◆ YOUR TASK:
Below are entries. Give back exactly the lines from the one containing "Press to create" through the one containing "O suéter azul", inclusive, without the pictures.

◆ DATA SHOWN:
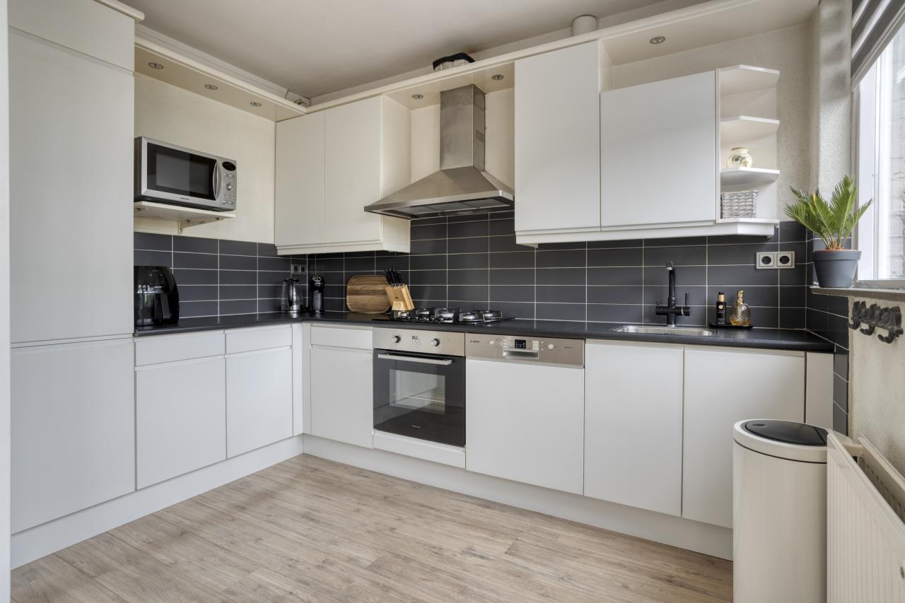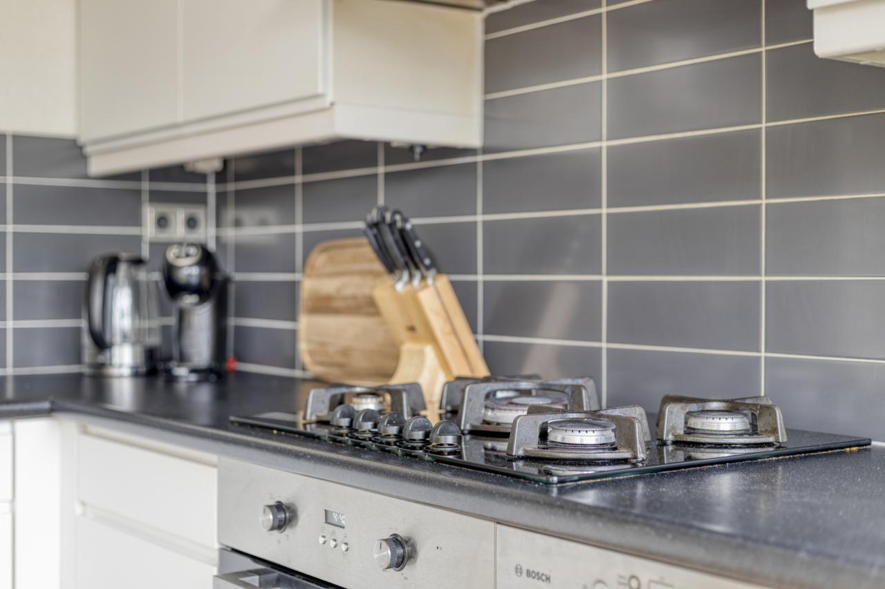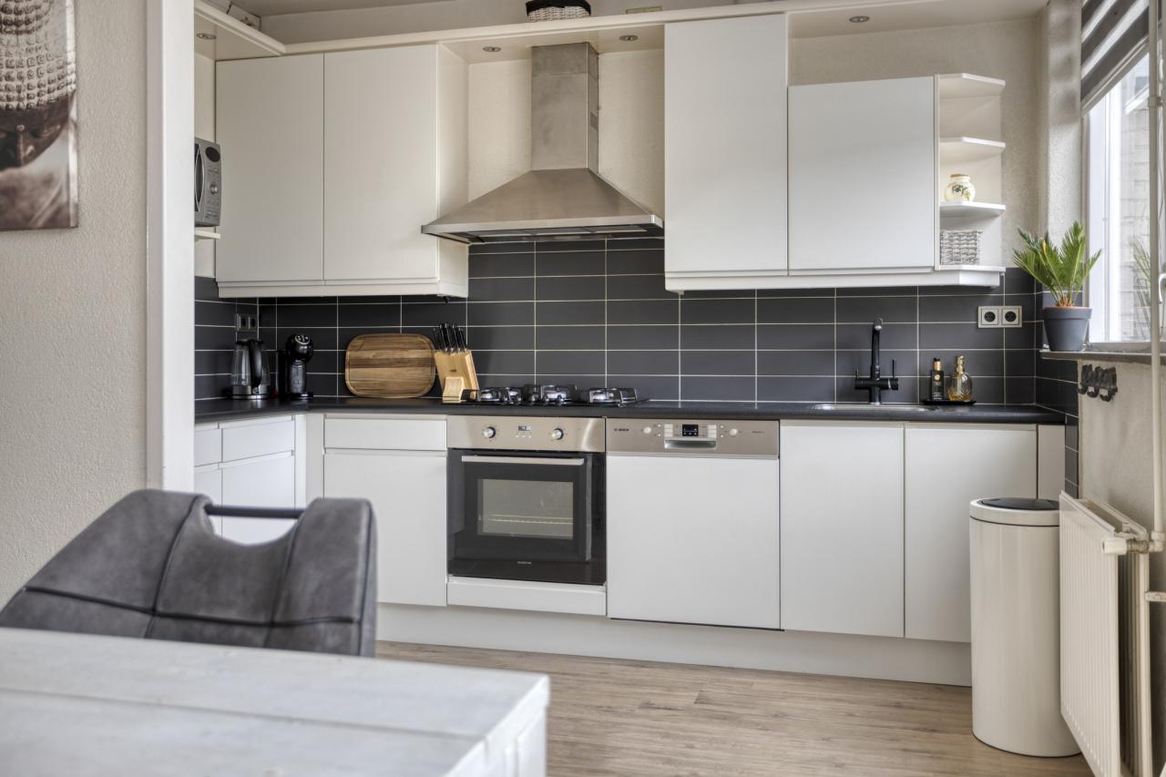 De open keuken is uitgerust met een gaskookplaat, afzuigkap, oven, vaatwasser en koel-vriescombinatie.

* * *

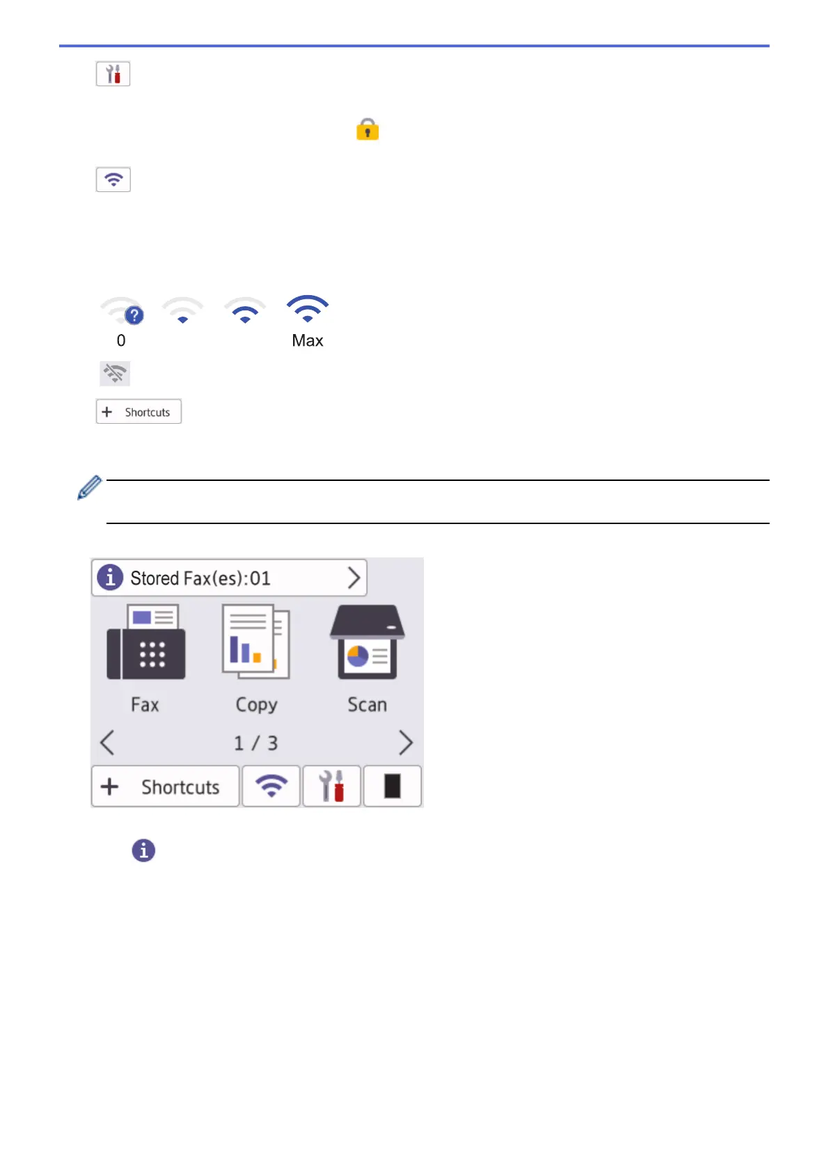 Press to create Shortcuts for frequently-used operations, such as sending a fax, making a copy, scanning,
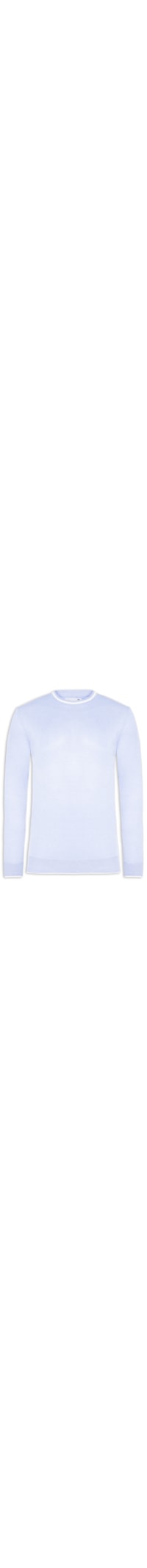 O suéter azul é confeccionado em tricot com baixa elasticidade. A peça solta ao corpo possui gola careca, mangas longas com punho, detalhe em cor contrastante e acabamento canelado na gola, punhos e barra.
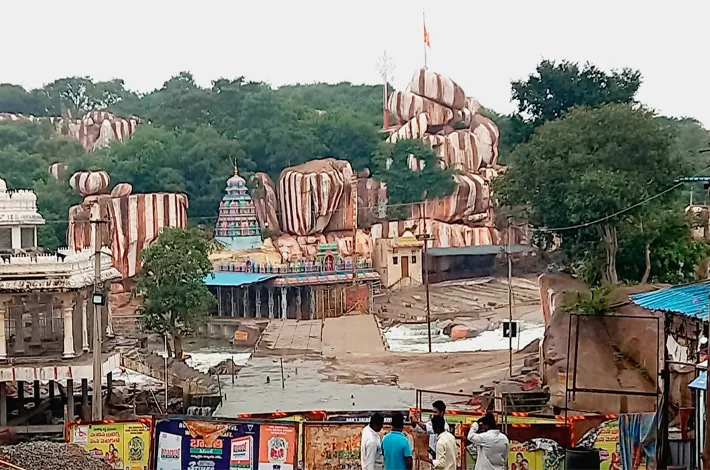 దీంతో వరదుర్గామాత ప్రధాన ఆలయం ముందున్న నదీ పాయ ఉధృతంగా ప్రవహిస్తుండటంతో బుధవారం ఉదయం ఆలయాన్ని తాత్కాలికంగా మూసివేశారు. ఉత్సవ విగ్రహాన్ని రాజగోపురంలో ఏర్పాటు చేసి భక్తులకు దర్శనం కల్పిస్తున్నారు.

◆ OUTPUT FOR THIS TASK:
 Press to create Shortcuts for frequently-used operations, such as sending a fax, making a copy, scanning,
 O suéter azul é confeccionado em tricot com baixa elasticidade. A peça solta ao corpo possui gola careca, mangas longas com punho, detalhe em cor contrastante e acabamento canelado na gola, punhos e barra.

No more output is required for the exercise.